A team could use him i'm sure. Phoenix needs a big, Boston needs depth while Perk is out. I'm sure he'd love to sign for the MLE and backup Z in miami to win a ring. i mean come on theres so much to do here. This is why the Knicks need new management.


----------



## seifer0406 (Jun 8, 2003)

anyone got a recent picture of him? I'm interested to see what kind of shape he's in.


----------



## TwinkieFoot (Jul 8, 2006)

TheTruth34 said:


> yeah seriously....i know he's out of shape always, but he did have potential at one point and i know he's still under 30, maybe even under 28 and still servicable. TRADE HIM. CUT HIM, BUY HIM OUT. DO something!
> 
> A team could use him i'm sure. Phoenix needs a big, Boston needs depth while Perk is out. I'm sure he'd love to sign for the MLE and backup Z in miami to win a ring. i mean come on theres so much to do here. This is why the Knicks need new management.

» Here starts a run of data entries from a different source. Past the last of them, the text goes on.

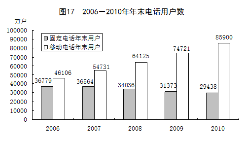 全年完成邮电业务总量[9]32940亿元,比上年增长20.6%。其中,邮政业务总量1985亿元,增长21.6%;电信业务总量30955亿元,增长20.5%。全年局用交换机容量减少2707万门,总容量46559万门;新增移动电话交换机容量[10]6433万户,达到150518万户。固定电话年末用户29438万户。其中,城市电话用户19662万户,农村电话用户9776万户。新增移动电话用户11179万户,年末达到85900万户。其中,3G移动电话用户[11]4705万户。年末全国固定及移动电话用户总数达到115339万户,比上年末增加9244万户。电话普及率达到86.5部/百人。互联网上网人数4.57亿人,其中宽带上网人数4.50亿人;互联网普及率达到34.3%。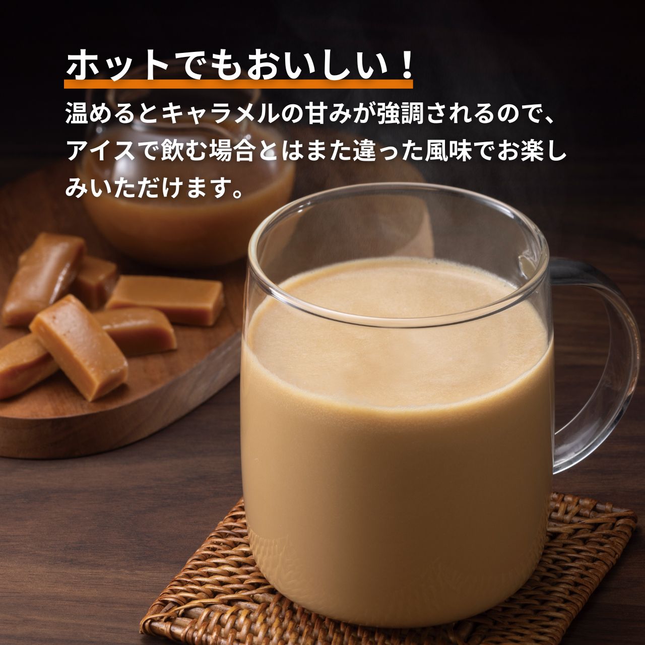 隠し味にコーヒーをブレンドし、甘さは残しつつしつこくなく飲みやすい味に仕上げています。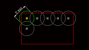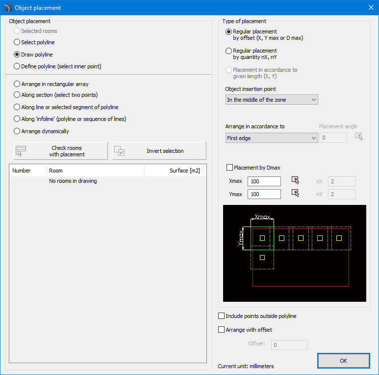 Regular placement by offset (X, Y, max or D max) - a mode in which the number of columns and rows of the distribution will be selected so that it does not exceed the specified values of XY spacing or R radius. This option is recommended when the placed element has an operating range (e.g. a sensor).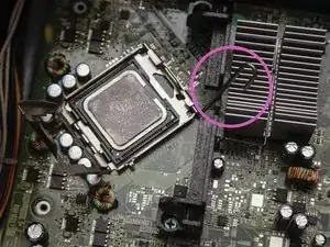 Отпустите синий пластиковый фиксатор под системой охлаждения, нажав на язычок и отведя рычаг вниз и в сторону от системы.
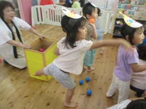 普段からボール遊びが大好きなみんなは、今日も「きゃー!!」「それーっ!!」と楽しそうな声でいっぱいでした♪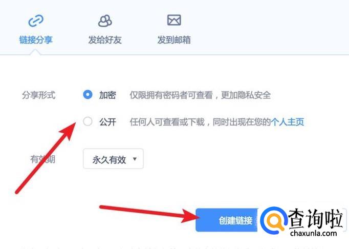 点击后,弹出分享窗口,在这里,我们选择是否要加密这个链接,选择好后,点击下方的创建按钮就行了。
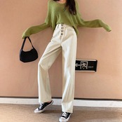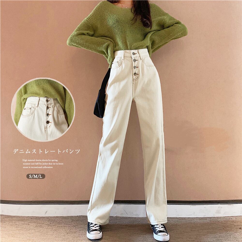 デニム ストレートパンツ ジーンズ 美尻 美脚 着やせ ジーパン カジュアル ワイトデニム 韓国 オールシーズン ボトムス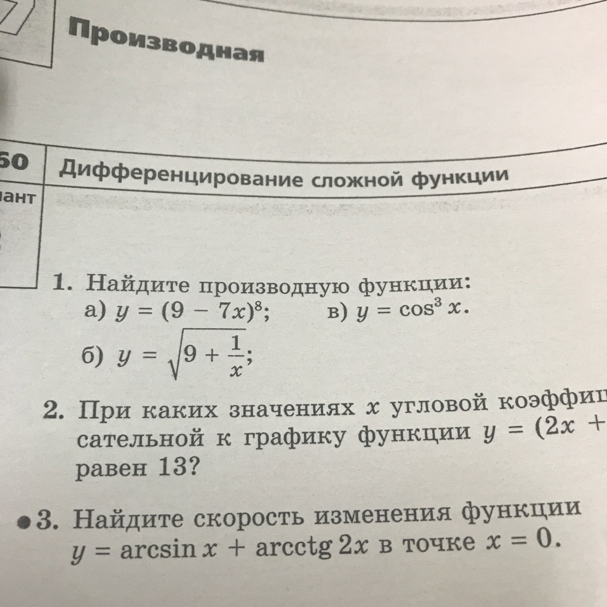 a); ; y=(9-7x)^8\\y'=8cdot (9-7x)^7cdot (9-7x)'=8cdot (9-7x)^7cdot (-7)=\\=-56cdot (9-7x)^7\\b); ; y=cos^3x=(cosx)^3\\y'=3cdot  (cosx)^2cdot (cosx)'=3cdot cos^2xcdot (-sinx)=-3cdot cos^2xcdot sinx\\c); ; y= sqrt{9+frac{1}{x}} \\y'=frac{1}{2sqrt{9+frac{1}{x}}}cdot (9+frac{1}{x})'=frac{1}{2sqrt{9+frac{1}{x}}}cdot frac{-1}{x^2}=-frac{1}{2xsqrt{x}cdot sqrt{9x+1}}=-frac{1}{2xcdot sqrt{x(9x+1)}}
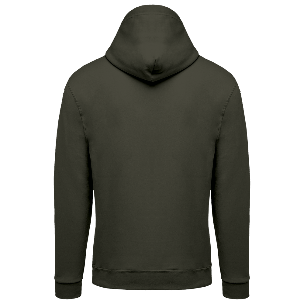 80% cotone / 20% poliestere. Cotone pettinato. Felpa garzata. Maniche a giro. Zip in nylon. Cappuccio foderato con coulisse tono su tono. Tasche a canguro. Fondo manica e fondo capo a costine.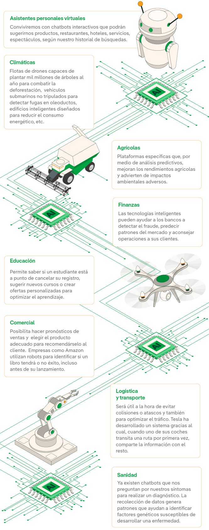 La IA está presente en la detección facial de los móviles, en los asistentes virtuales de voz como Siri de Apple, Alexa de Amazon o Cortana de Microsoft y está integrada en nuestros dispositivos cotidianos a través de bots (abreviatura de robots) o aplicaciones para móvil, tales como: LyliEnlace externo, se abre en ventana nueva., un personal shopper en versión digital; ParlaEnlace externo, se abre en ventana nueva., concebida para ayudarnos con el aprendizaje de idiomas; EmsEnlace externo, se abre en ventana nueva., diseñada para hacernos un poco más llevadera la ardua tarea de encontrar nuevo piso; o GyantEnlace externo, se abre en ventana nueva., un asistente virtual de Facebook que emite 'diagnósticos' médicos. El objetivo de todas ellas: hacer más fácil la vida de las personas.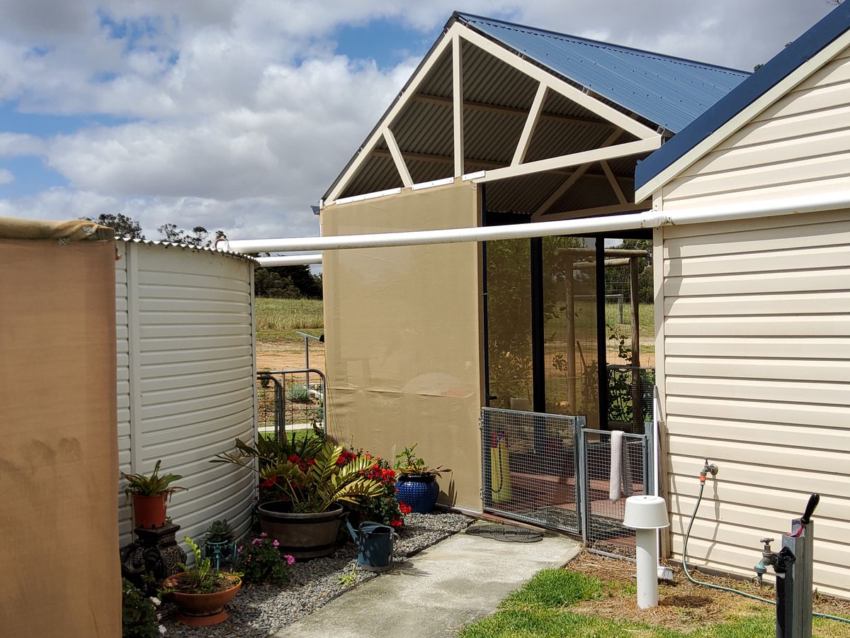 Your shed is 20m x 10m fully concreted with a Granny flat attached, ample room for tools, caravan , boat or cars. The shed houses the complete stand alone 5Kw solar system to supply electricity to your home without the western power bills! You also have a quality automatic 7KVa backup generator to boost the solar batteries for those days the sun doesn't want to come out and play. It gets minimal use! The shed roof houses the 20 x solar panels.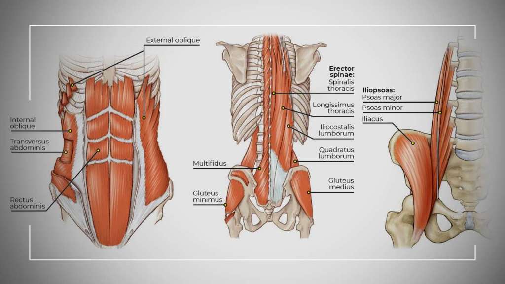 The basis of strength, stability, explosive power, and almost anything you can think of related to fitness is built upon a functional core. Without it, we are much more susceptible to injury, loss of power, and working at a much lower capacity than we could be capable of. There’s tons of different images or descriptions about what makes up the “core”, but I personally like the larger group of muscles like this one that also includes the muscles in your spine, hip flexors and glutes – because when you hear, “brace your core” it don’t just mean squeeze your abs (rectus abdominis). To be braced means fully engaged muscles all around the trunk with active glutes generating spinal stability from top to bottom. Here’s a quick image of what your “core” consists of: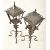 A pair of late 19th century painted wrought iron castle / stately home wall corner pedestal lantern lights. Each having a shaped top with scrolled finials atop over window shaped sides. Raised on twisted supports with scrolled motifs throughout. Raised on splayed supports to be fixed to a gate pedestal entrance. Each measuring approx. 95cm x 27cm x 27cm.

The Heat don't have the MLE to offer. Beside, why should the Knicks let him walk away and help another team when he has not shown the decency to try and help us out the past few years? Aside from that one fringe all-star performance under Isiah, has Curry ever been a contributor to this team?


----------



## Bogg (May 4, 2009)

The Knicks will hold onto his rights through the trade deadline, if he isn't moved sooner, due to his value as a large expiring. Immediately after the deadline, if he's still around, they'll begin buyout talks so the Knicks can save some money while Curry gets the option to sign with another team to audition for a training camp spot next summer. The situation's so obvious it's not really worth talking about.


----------



## Gotham2krazy (Nov 22, 2005)

This is all d'antoni's fault...


----------



## JonMatrix (Apr 8, 2003)

This is too bad, seeing as how its a contract year he might actually be in shape and provide a solid contribution.


----------



## 29380 (Feb 23, 2009)

> Newsday reports Eddy Curry has talked to Walsh about absence from Vegas; D'Antoni says Curry "absolutely will play": http://bit.ly/drvrWY


alanhahn


----------



## bball2223 (Jul 21, 2006)

Tired of all this drama. D'Antoni has no intentions of playing him (as the last two seasons have shown). Just move him and his salary and free up some cap space.


----------



## HKF (Dec 10, 2002)

Or just waive the guy.


----------



## Gotham2krazy (Nov 22, 2005)

whether eddy plays or not really doesn't affect me, what i don't like is how d'antoni is so two-faced telling players to eat sh!t while making everything look rosy in the papers and on camera.


----------



## TwinkieFoot (Jul 8, 2006)

Gotham2krazy said:


> This is all d'antoni's fault...


I'm not going to deny the fact that D'Antoni is no angel. I think he's been the focal point of alot of the drama that has been the Knicks lockerroom the past 2 seasons. In spite of that, I can't fault him for playing a bum that's never in shape? Seriously, when does Eddy Curry become accountable for his own actions? If he at least came to camp in shape, then I could understand your grip. D'Antoni has had a penchant of NOT playing big men with game (i.e. Darko Milicic and Jordan Hill) but you can't fault him for this Eddy Curry debacle when the guy has never been prepared for the season.


----------



## Damian Necronamous (Jun 10, 2002)

Don't trade him. You want that cap space to try to sign somebody next summer.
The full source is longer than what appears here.